*** Source records ***

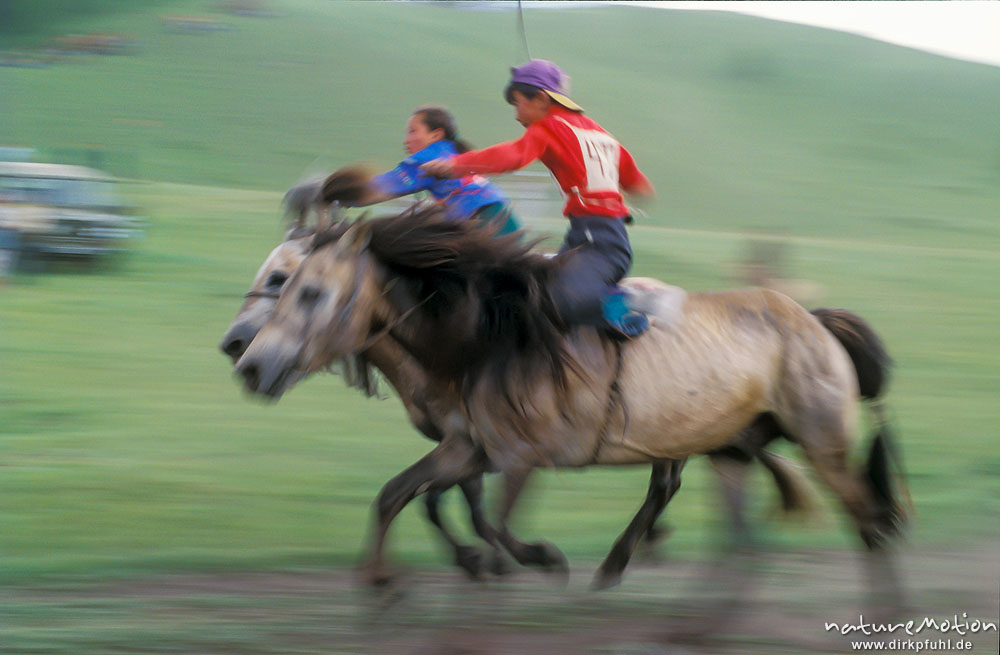 Zieleinlauf der Reiter, Kopf an Kopf Rennen , Mongolei
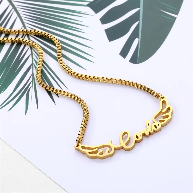 Ожерелье с именем на заказ 2020, индивидуальное ожерелье с крыльями ангела на заказ, золотое ожерелье из нержавеющей стали для женщин, подарок для лучших друзей
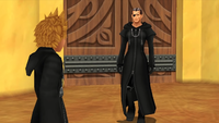 | Ansem, Seeker of Darkness has taken Ansem the Wise to the mansion in Twilight Town, planning to force the Sage-King to work for the Organization. Hayner's gang, with help from Vexen, are able to free Ansem from the Seeker's clutches and spirit him to safety. Vexen reveals that, with some help from Demyx, he was able to smuggle a Replica vessel to Ienzo for the purpose of resurrecting Roxas. He, too, wishes to atone. | ||
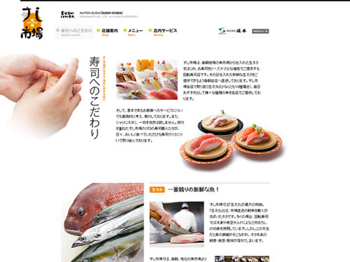 九州すし市場さんの寿司へのこだわりは、こんな↑感じで紹介されています。ただサイトを表示させるのではなく、右から寿司を握っている手がニュッと表示されます。この動きも楽しくて良いですね。
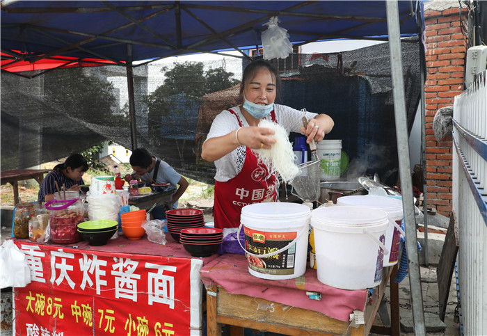 凌晨3点,杜文平起床熬上当天的汤,将物料搬上电动三轮;4点,杜文平的红色三轮隐没在黑暗里,在一片狗吠中摇摇晃晃地驶向城东汽车站,不下半小时,一个精致利落的早餐摊便出现在蒙蒙亮的街边,等待它第一个客人的到来。几平方米的小空间里溢出满满的重庆味道,炸酱面、酸辣粉、小馄饨等正宗的重庆风味承载了丰峡村村民对那个水淹之城18年的怀念。
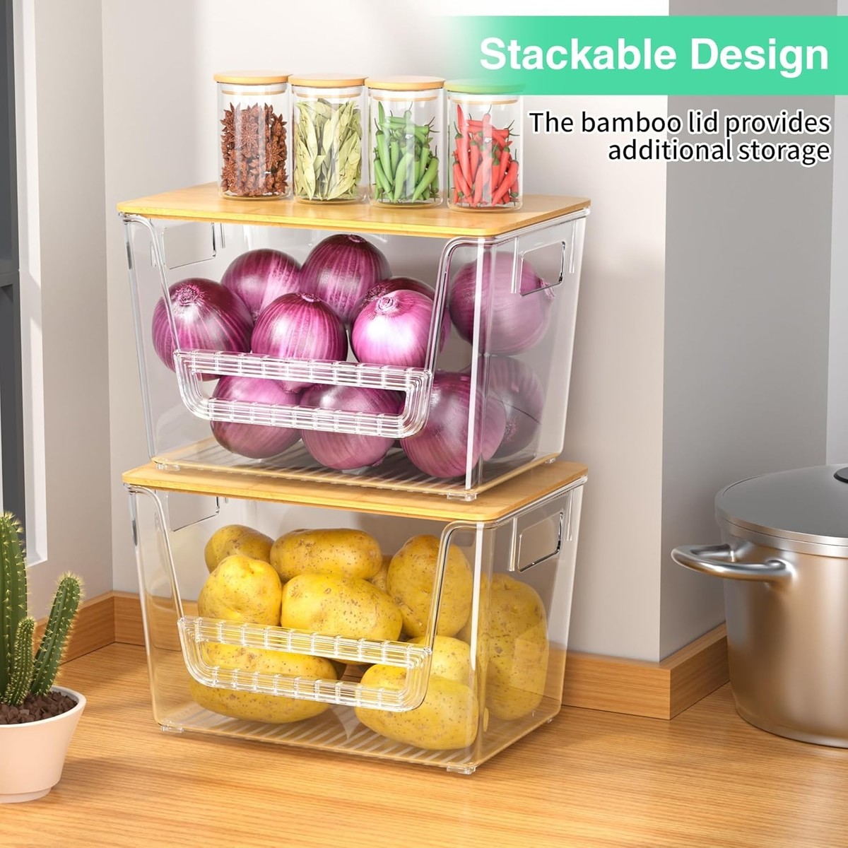 Versatile Stackable Potato Onion Storage Bins with Bamboo Lids - Clear Design
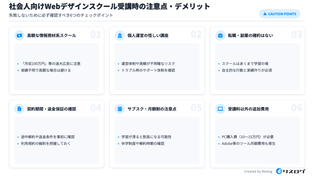 社会人向けWebデザインスクール受講時の注意点・デメリット
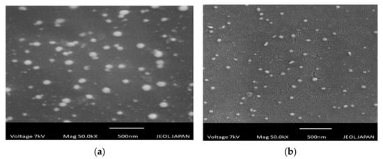 Scanning electron microscopy (SEM) presented images of the gold nanoparticles. SEM showed the morphology of the gold nanoparticles prepared from CSE and CNW had spherical shapes. SEM images are shown in Figure 7a,b.
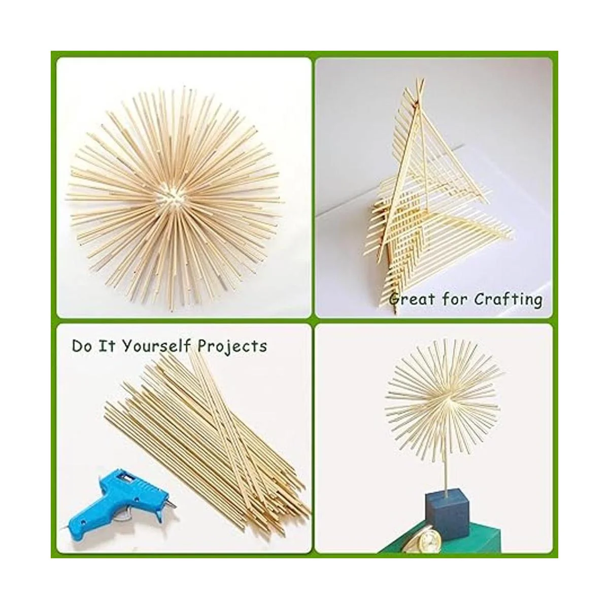 Palitos de madera para manualidades y bricolajes Estas varillas de madera son ideales para proyectos hechos a mano, carpintería, decoración del hogar, construcción de modelos, fabricación de juguetes de madera, accesorios de cabina de fotos, proyectos de ciencia escolar, estructuras de construcción como puentes, casas de muñecas, cometas, secciones de peso en modelos de avión o barco, manualidades, un poste de bandera o banderín, etc.
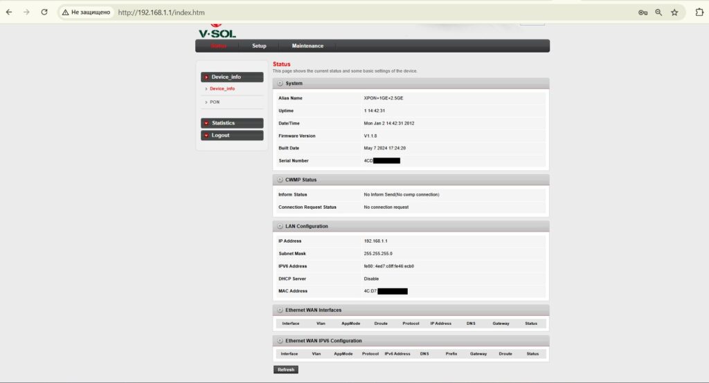 show ont port learned-mac 4 1 eth 1 Просмотр мака на медном порту ону
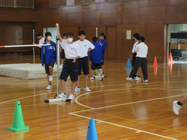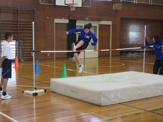 体育の授業では体育館で走り高跳びに挑戦しています。振り上げ足に意識をして高く跳ぼうという気持ちが表れています。
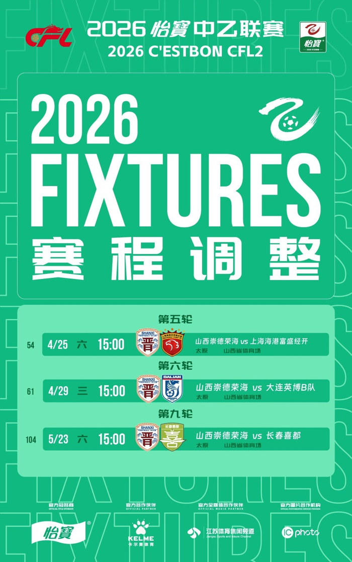 因原体育场无法继续使用,经山西崇德荣海足球俱乐部、山西省足球协会共同申请,山西省体育局来函同意,并协商客队同意,现决定调整2026怡宝中乙联赛山西崇德荣海的部分主场比赛场地,比赛日期和开球时间不变。
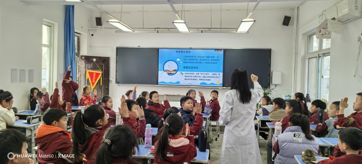 课堂高潮出现在“影像小侦探”游戏环节。肖医生展示简化版骨骼正常图、轻微骨裂图和健康内脏B超图,引导学生寻找差异。“哪张图里的骨头有小裂纹?”孩子们瞪大双眼认真观察,踊跃抢答,答对者获得PPT动画贴纸奖励,在趣味闯关中掌握实用知识。活动尾声,她用三句口诀总结:“身体照相机本领大,帮医生找小问题;检查时听医生话,照片清晰无偏差;爱护身体少生病,健康成长乐哈哈”,助力知识记忆。
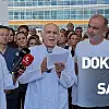 Bir hasta yakınının tartıştığı beyin cerrahı Ömer Özkan'a silah çekmesine tepki gösteren sağlık çalışanları, Bafra Devlet Hastanesi önünde toplandı.
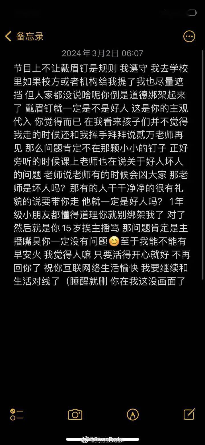 “节目不让戴眉钉是规则,我遵守,我去做公益如果学校或机构提了,我也会遮挡,但人家没说啥你还道德绑架上了。至于我能不能有早安火,我觉得人开心就好。”
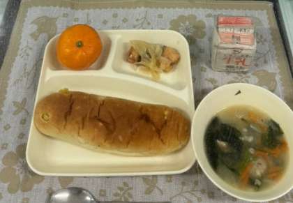 今日の献立は、鮭のマリネ、肉団子と麦のスープ、みかん、おさつパン、牛乳でした。とても美味しかったです。ごちそうさまでした。

*** End of Source records ***

(What you have to do) Could you copy the data above exactly, leaving the pictures out?

(Exercise answer)
 Zieleinlauf der Reiter, Kopf an Kopf Rennen , Mongolei
 Ожерелье с именем на заказ 2020, индивидуальное ожерелье с крыльями ангела на заказ, золотое ожерелье из нержавеющей стали для женщин, подарок для лучших друзей
 | Ansem, Seeker of Darkness has taken Ansem the Wise to the mansion in Twilight Town, planning to force the Sage-King to work for the Organization. Hayner's gang, with help from Vexen, are able to free Ansem from the Seeker's clutches and spirit him to safety. Vexen reveals that, with some help from Demyx, he was able to smuggle a Replica vessel to Ienzo for the purpose of resurrecting Roxas. He, too, wishes to atone. | ||
 九州すし市場さんの寿司へのこだわりは、こんな↑感じで紹介されています。ただサイトを表示させるのではなく、右から寿司を握っている手がニュッと表示されます。この動きも楽しくて良いですね。
 凌晨3点,杜文平起床熬上当天的汤,将物料搬上电动三轮;4点,杜文平的红色三轮隐没在黑暗里,在一片狗吠中摇摇晃晃地驶向城东汽车站,不下半小时,一个精致利落的早餐摊便出现在蒙蒙亮的街边,等待它第一个客人的到来。几平方米的小空间里溢出满满的重庆味道,炸酱面、酸辣粉、小馄饨等正宗的重庆风味承载了丰峡村村民对那个水淹之城18年的怀念。
 Versatile Stackable Potato Onion Storage Bins with Bamboo Lids - Clear Design
 社会人向けWebデザインスクール受講時の注意点・デメリット
 Scanning electron microscopy (SEM) presented images of the gold nanoparticles. SEM showed the morphology of the gold nanoparticles prepared from CSE and CNW had spherical shapes. SEM images are shown in Figure 7a,b.
 Palitos de madera para manualidades y bricolajes Estas varillas de madera son ideales para proyectos hechos a mano, carpintería, decoración del hogar, construcción de modelos, fabricación de juguetes de madera, accesorios de cabina de fotos, proyectos de ciencia escolar, estructuras de construcción como puentes, casas de muñecas, cometas, secciones de peso en modelos de avión o barco, manualidades, un poste de bandera o banderín, etc.
 show ont port learned-mac 4 1 eth 1 Просмотр мака на медном порту ону
 体育の授業では体育館で走り高跳びに挑戦しています。振り上げ足に意識をして高く跳ぼうという気持ちが表れています。
 因原体育场无法继续使用,经山西崇德荣海足球俱乐部、山西省足球协会共同申请,山西省体育局来函同意,并协商客队同意,现决定调整2026怡宝中乙联赛山西崇德荣海的部分主场比赛场地,比赛日期和开球时间不变。
 课堂高潮出现在“影像小侦探”游戏环节。肖医生展示简化版骨骼正常图、轻微骨裂图和健康内脏B超图,引导学生寻找差异。“哪张图里的骨头有小裂纹?”孩子们瞪大双眼认真观察,踊跃抢答,答对者获得PPT动画贴纸奖励,在趣味闯关中掌握实用知识。活动尾声,她用三句口诀总结:“身体照相机本领大,帮医生找小问题;检查时听医生话,照片清晰无偏差;爱护身体少生病,健康成长乐哈哈”,助力知识记忆。
 Bir hasta yakınının tartıştığı beyin cerrahı Ömer Özkan'a silah çekmesine tepki gösteren sağlık çalışanları, Bafra Devlet Hastanesi önünde toplandı.
 “节目不让戴眉钉是规则,我遵守,我去做公益如果学校或机构提了,我也会遮挡,但人家没说啥你还道德绑架上了。至于我能不能有早安火,我觉得人开心就好。”
 今日の献立は、鮭のマリネ、肉団子と麦のスープ、みかん、おさつパン、牛乳でした。とても美味しかったです。ごちそうさまでした。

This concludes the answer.